* _WORK INSTRUCTION_: Below are the records; copy exactly the stretch from the line containing "1階には18帖の広々LDK。" through the line containing "В Симферополе на", both ends included, and nothing else.

* _DATA TO USE_:
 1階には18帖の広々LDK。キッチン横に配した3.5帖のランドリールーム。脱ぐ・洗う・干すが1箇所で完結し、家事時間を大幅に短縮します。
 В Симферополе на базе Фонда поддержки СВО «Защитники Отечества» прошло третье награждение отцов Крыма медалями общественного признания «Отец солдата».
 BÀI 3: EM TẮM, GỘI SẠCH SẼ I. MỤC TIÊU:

---

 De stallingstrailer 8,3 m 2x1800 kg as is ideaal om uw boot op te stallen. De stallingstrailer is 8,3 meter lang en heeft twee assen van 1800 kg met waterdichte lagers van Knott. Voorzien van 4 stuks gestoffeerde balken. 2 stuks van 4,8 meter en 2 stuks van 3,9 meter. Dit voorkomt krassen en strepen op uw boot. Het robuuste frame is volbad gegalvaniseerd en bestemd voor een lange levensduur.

---

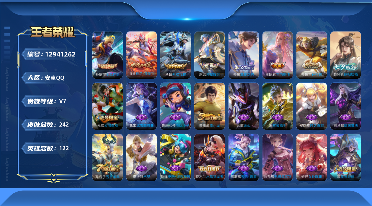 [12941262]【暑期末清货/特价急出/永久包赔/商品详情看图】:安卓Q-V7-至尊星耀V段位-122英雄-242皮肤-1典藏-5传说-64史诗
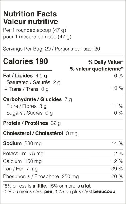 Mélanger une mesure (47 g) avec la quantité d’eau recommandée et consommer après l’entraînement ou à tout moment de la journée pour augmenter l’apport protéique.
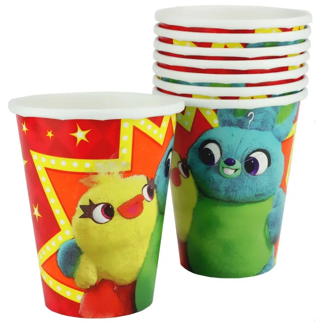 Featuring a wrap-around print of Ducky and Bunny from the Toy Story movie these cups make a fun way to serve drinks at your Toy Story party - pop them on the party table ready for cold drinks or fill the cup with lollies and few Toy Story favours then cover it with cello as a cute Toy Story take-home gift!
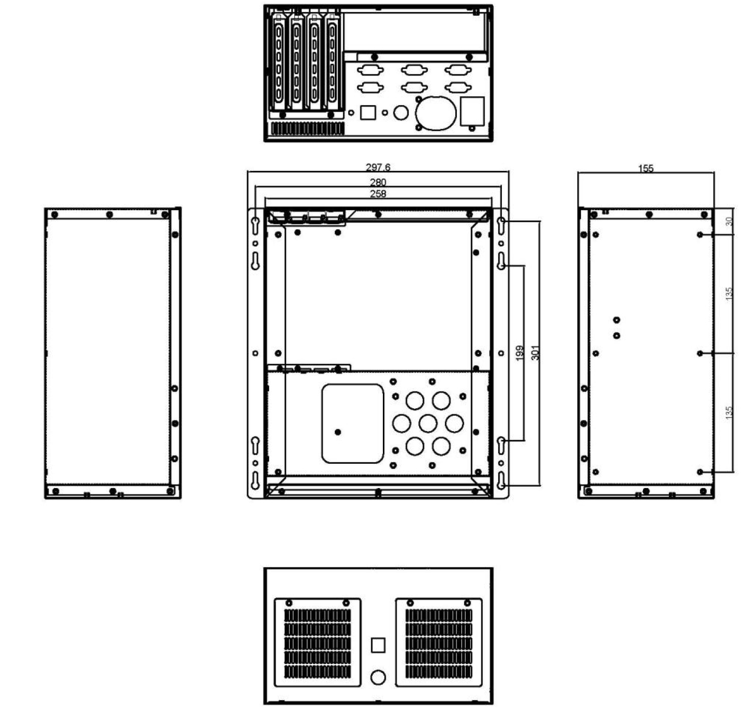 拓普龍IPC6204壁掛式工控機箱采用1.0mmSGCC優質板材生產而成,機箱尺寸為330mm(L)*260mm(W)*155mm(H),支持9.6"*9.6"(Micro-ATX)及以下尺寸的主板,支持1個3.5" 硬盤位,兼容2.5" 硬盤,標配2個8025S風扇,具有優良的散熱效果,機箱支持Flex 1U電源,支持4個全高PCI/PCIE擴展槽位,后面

* _THE COMPLETED TASK_:
 1階には18帖の広々LDK。キッチン横に配した3.5帖のランドリールーム。脱ぐ・洗う・干すが1箇所で完結し、家事時間を大幅に短縮します。
 В Симферополе на базе Фонда поддержки СВО «Защитники Отечества» прошло третье награждение отцов Крыма медалями общественного признания «Отец солдата».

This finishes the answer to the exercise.